**WHAT YOU ARE ASKED TO DO:**
From the line containing "O imóvel conta" to the last line of the records below, retype every line exactly and output nothing else.

DATASET EXCERPTS section start

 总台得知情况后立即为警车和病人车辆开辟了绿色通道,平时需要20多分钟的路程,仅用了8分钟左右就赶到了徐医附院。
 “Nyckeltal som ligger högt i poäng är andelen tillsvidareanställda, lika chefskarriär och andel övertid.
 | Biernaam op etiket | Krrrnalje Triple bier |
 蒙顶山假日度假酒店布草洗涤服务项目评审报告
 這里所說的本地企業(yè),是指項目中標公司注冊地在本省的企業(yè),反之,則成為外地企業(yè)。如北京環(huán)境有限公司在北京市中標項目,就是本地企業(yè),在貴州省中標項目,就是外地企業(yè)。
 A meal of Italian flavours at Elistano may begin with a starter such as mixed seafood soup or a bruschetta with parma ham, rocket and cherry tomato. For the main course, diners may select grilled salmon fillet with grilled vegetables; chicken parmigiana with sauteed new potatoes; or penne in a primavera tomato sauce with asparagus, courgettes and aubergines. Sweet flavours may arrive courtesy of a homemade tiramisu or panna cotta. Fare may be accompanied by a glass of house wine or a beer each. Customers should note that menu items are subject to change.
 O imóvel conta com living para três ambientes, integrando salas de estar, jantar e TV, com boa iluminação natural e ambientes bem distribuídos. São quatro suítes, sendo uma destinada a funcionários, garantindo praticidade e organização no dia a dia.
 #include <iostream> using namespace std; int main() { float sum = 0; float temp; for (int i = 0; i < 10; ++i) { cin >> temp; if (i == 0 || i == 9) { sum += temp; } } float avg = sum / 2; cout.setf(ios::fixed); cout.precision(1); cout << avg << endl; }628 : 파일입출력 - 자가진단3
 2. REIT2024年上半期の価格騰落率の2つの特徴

DATASET EXCERPTS section end

**ANSWER BOX:**
 O imóvel conta com living para três ambientes, integrando salas de estar, jantar e TV, com boa iluminação natural e ambientes bem distribuídos. São quatro suítes, sendo uma destinada a funcionários, garantindo praticidade e organização no dia a dia.
 #include <iostream> using namespace std; int main() { float sum = 0; float temp; for (int i = 0; i < 10; ++i) { cin >> temp; if (i == 0 || i == 9) { sum += temp; } } float avg = sum / 2; cout.setf(ios::fixed); cout.precision(1); cout << avg << endl; }628 : 파일입출력 - 자가진단3
 2. REIT2024年上半期の価格騰落率の2つの特徴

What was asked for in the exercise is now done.